= Data to examine =

=-=-=

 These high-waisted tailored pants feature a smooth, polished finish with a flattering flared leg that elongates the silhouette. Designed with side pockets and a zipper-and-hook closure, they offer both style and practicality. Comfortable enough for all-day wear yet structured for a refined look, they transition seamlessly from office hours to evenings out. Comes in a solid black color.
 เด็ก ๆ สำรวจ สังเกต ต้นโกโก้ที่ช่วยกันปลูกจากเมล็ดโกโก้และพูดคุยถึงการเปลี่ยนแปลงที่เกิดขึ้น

=-=-=

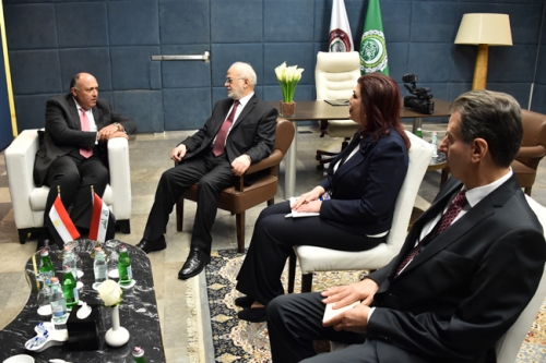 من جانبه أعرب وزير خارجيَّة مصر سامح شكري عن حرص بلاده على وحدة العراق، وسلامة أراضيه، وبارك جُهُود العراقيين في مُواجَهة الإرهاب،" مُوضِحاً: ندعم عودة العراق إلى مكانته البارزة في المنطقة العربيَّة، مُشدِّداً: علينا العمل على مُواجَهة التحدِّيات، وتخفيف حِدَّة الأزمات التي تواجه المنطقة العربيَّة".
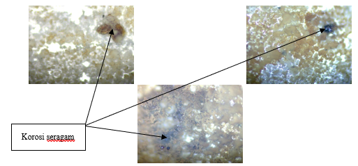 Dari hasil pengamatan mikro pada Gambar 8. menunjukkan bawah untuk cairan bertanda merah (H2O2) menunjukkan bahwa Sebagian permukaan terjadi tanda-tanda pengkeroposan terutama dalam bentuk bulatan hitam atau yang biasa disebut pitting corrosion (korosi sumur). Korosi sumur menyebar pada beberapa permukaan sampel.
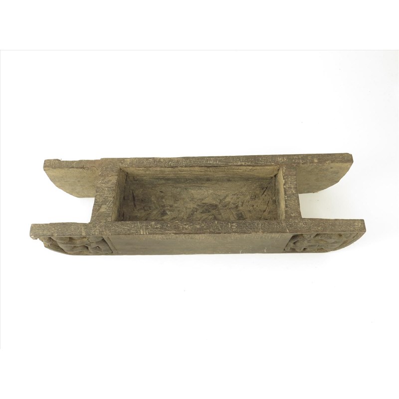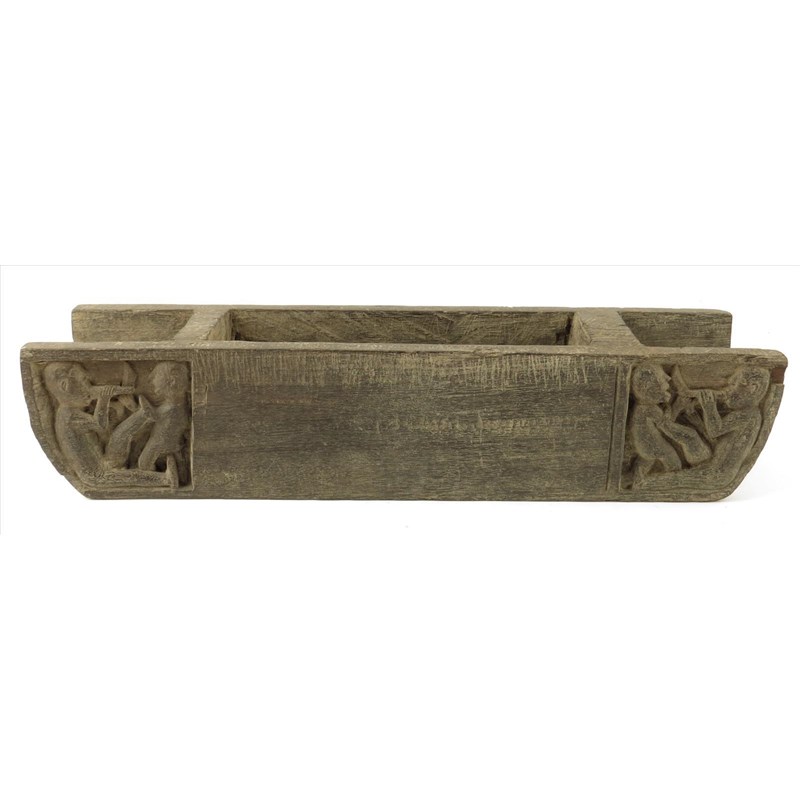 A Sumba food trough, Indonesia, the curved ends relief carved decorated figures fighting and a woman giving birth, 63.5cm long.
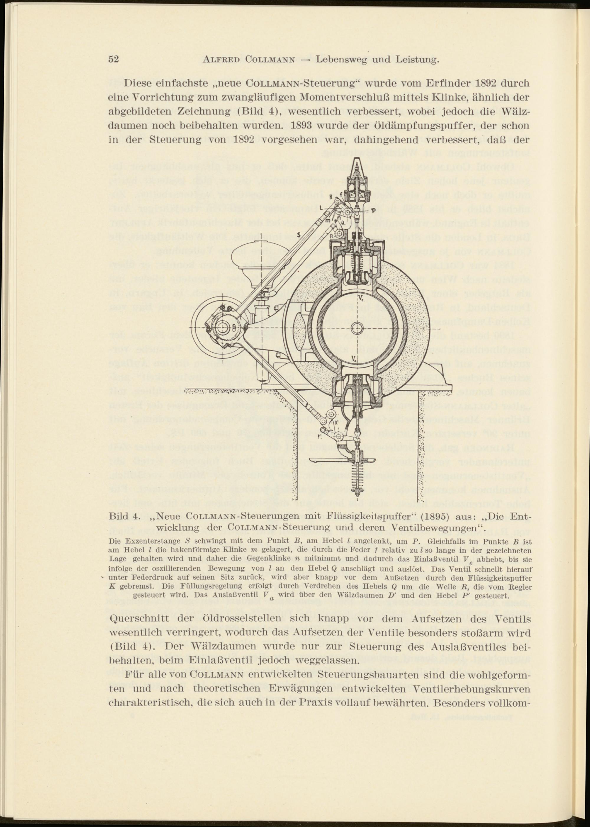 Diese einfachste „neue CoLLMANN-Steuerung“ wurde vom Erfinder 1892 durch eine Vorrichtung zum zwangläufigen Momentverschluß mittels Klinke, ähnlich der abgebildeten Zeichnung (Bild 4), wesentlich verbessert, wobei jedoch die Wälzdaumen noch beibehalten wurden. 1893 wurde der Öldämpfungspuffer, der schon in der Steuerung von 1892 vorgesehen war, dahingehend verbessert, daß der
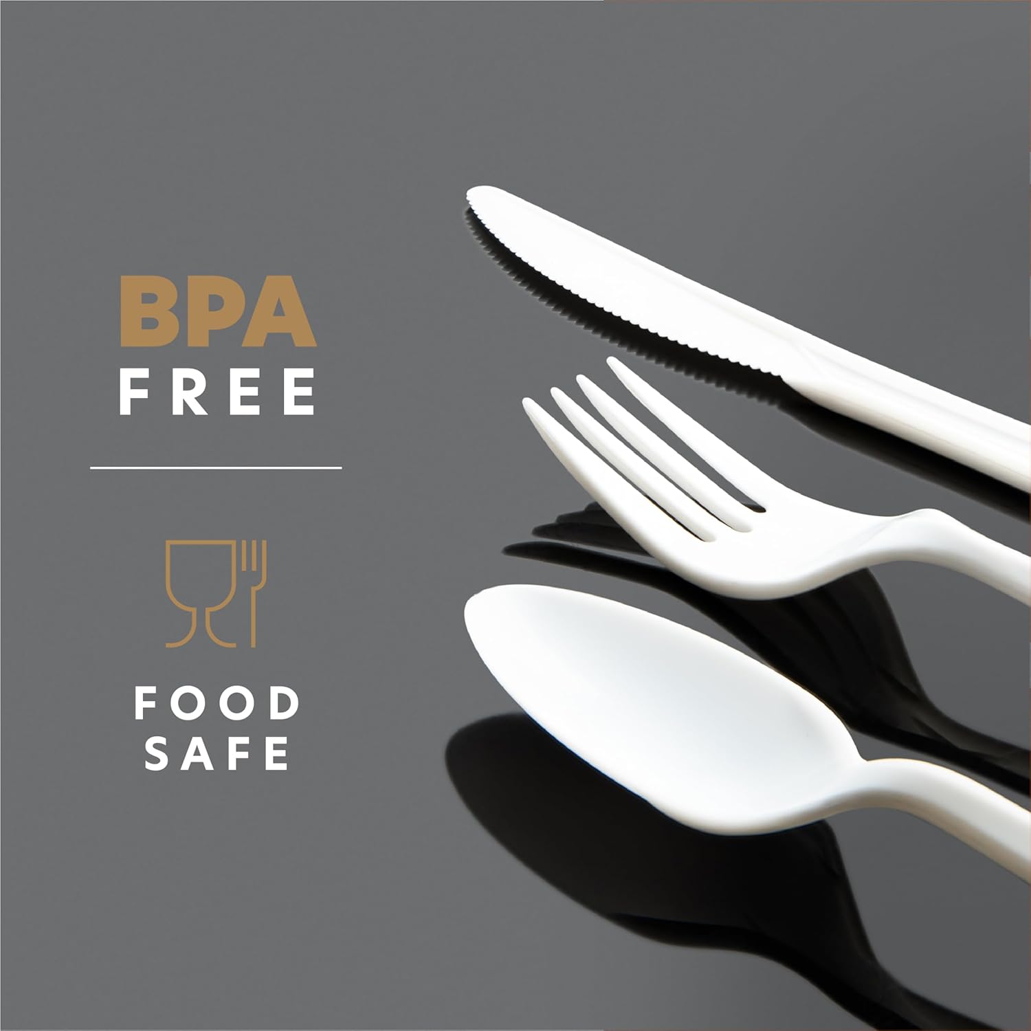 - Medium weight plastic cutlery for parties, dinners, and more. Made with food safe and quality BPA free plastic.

=-=-=

= Assigned task =
Using the entries above, repeat exactly the lines from the one with "Dari hasil pengamatan" to the one with "Diese einfachste „neue", both included, and leave the pictures behind.

= Task response =
 Dari hasil pengamatan mikro pada Gambar 8. menunjukkan bawah untuk cairan bertanda merah (H2O2) menunjukkan bahwa Sebagian permukaan terjadi tanda-tanda pengkeroposan terutama dalam bentuk bulatan hitam atau yang biasa disebut pitting corrosion (korosi sumur). Korosi sumur menyebar pada beberapa permukaan sampel.
 A Sumba food trough, Indonesia, the curved ends relief carved decorated figures fighting and a woman giving birth, 63.5cm long.
 Diese einfachste „neue CoLLMANN-Steuerung“ wurde vom Erfinder 1892 durch eine Vorrichtung zum zwangläufigen Momentverschluß mittels Klinke, ähnlich der abgebildeten Zeichnung (Bild 4), wesentlich verbessert, wobei jedoch die Wälzdaumen noch beibehalten wurden. 1893 wurde der Öldämpfungspuffer, der schon in der Steuerung von 1892 vorgesehen war, dahingehend verbessert, daß der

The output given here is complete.